La Révolution de 1848 et la naissance de la Deuxième République sont pour lui l’occasion de se mêler quelque peu à la vie politique, se montrant alors sous les traits du « bourgeois socialiste qu’il fut toujours ». Dans une lettre du 21 mars 1848, il raconte ainsi le « peuple » de l’Hôtel de Ville : « on apprenait à connaître cette race intelligente, vive, spirituelle et bonne, car les mots de concorde sont dans toutes les bouches. On n’entendait qu’une histoire dans toutes les bouches, lamentable tableau de misère et d’asservissement, réquisitoire pacifique pour le ton, mais dont les conclusions étaient plus imposées que conseillées. J’ai été confondu du talent oratoire de nos gens en blouse » (E.G. Léonard, Histoire générale du protestantisme, t. III, p. 261). Son intelligence, son attention pour les problèmes sociaux et la vie politique, sa vivacité de plume et ses articles dans le Semeur, le feront rapidement connaître.
Un essayiste actif
Directeur de la Revue chrétienne à partir de 1854 il se révèle comme l’un des plus brillants adversaires des libéraux extrémistes et un des leaders des évangéliques. Mais sa foi n’a pas ce côté sombre et obsédé par l’horreur du péché que l’on trouve chez certains « revivalistes ». Brillant, lisant parfaitement l’allemand – donc au courant de la production théologique d’outre-Rhin – il n’est pas un théologien au vrai sens du terme, écrivant vite, et n’évitant pas toujours erreurs et négligences. Dans la Revue chrétienne, qu’il dote en 1861 d’un supplément théologique (devenu en 1870 une Revue théologique autonome), il s’efforce de renforcer la culture théologique des évangéliques et en affirme que l’on peut parfaitement être instruit et intelligent et rester partisan des doctrines traditionnelles, ce que le Lien, la Revue de Colani à Strasbourg contestait. Très actif, il rédige des livres d’histoire de l’Église (Histoire des trois premiers siècles de l’Église chrétienne) et prononce un grand nombre de conférences en France et à l’étranger. Son ouvrage Jésus-Christ. Son temps, sa vie, son œuvre (1866) est sans doute la meilleure réponse à la Vie de Jésus de Renan (1863), lui apportant de nombreuses amitiés parmi les catholiques libéraux.

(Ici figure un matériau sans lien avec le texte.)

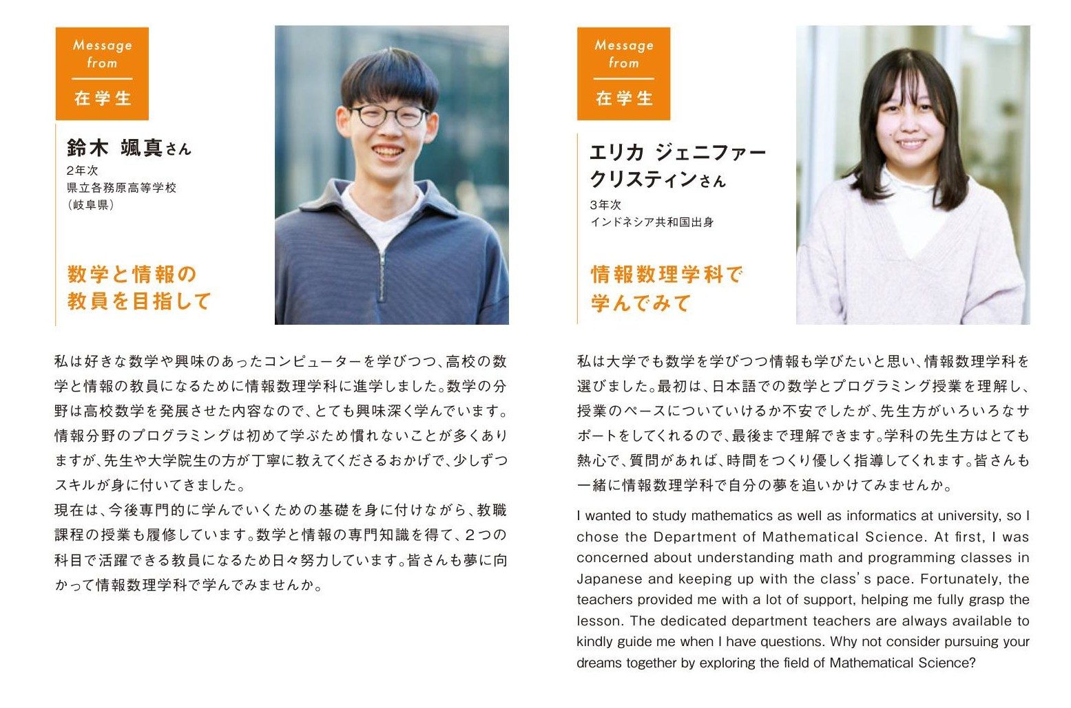 こちらのパンフレットで他のメッセージも読むことができます(理学部のパンフレットに移動します)

Avec la libéralisation du Second Empire, il devient l’ami de Thiers. Engagé volontaire pendant la guerre de 1870 (comme ambulancier de la société internationale de secours aux blessés), il est élu député (centre gauche) en juillet 1871, et tout en restant pasteur de la chapelle Taitbout, il devient homme politique. Non réélu en 1876, il espère être choisi comme professeur à la Faculté de théologie de Paris (il soutient sa thèse de doctorat à Montauban en 1877), mais le doyen Lichtenberger s’y oppose. Élu sénateur inamovible à partir de 1883, il entre en 1890 à l'Académie des sciences morales et politiques. Edmond de Pressensé, par sa culture, l’abondance de ses publications, la diversité de ses engagements, son rôle dans la presse protestante, est l’une des principales figures du protestantisme français de la seconde moitié du XIXè siècle. Il est le père de Francis de Pressensé, lequel fut député du Rhône et surtout le premier président de la Ligue des Droits de l’Homme.